Abstract
Mobile apps often embed authentication secrets, such as API keys, tokens, and
client IDs, to integrate with cloud services. However, developers often
hardcode these credentials into Android apps, exposing them to extraction
through reverse engineering. Once compromised, adversaries can exploit secrets
to access sensitive data, manipulate resources, or abuse APIs, resulting in
significant security and financial risks. Existing detection approaches, such
as regex-based analysis, static analysis, and machine learning, are effective
for identifying known patterns but are fundamentally limited: they require
prior knowledge of credential structures, API signatures, or training data.
In this paper, we propose SecretLoc, an LLM-based approach for detecting
hardcoded secrets in Android apps. SecretLoc goes beyond pattern matching; it
leverages contextual and structural cues to identify secrets without relying on
predefined patterns or labeled training sets. Using a benchmark dataset from
the literature, we demonstrate that SecretLoc detects secrets missed by regex-,
static-, and ML-based methods, including previously unseen types of secrets. In
total, we discovered 4828 secrets that were undetected by existing approaches,
discovering more than 10 "new" types of secrets, such as OpenAI API keys,
GitHub Access Tokens, RSA private keys, and JWT tokens, and more.

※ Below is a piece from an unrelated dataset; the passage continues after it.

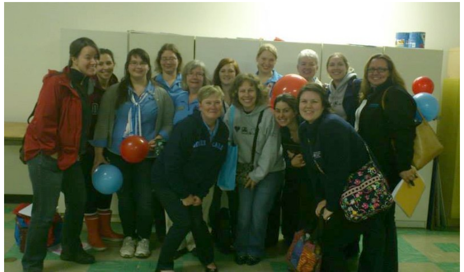
Understanding the Adult Learner trainers and trainees at the June 7 session in Lachine

We further extend our analysis to newly crawled apps from Google Play, where
we uncovered and responsibly disclosed additional hardcoded secrets. Across a
set of 5000 apps, we detected secrets in 2124 apps (42.5%), several of which
were confirmed and remediated by developers after we contacted them. Our
results reveal a dual-use risk: if analysts can uncover these secrets with
LLMs, so can attackers. This underscores the urgent need for proactive secret
management and stronger mitigation practices across the mobile ecosystem.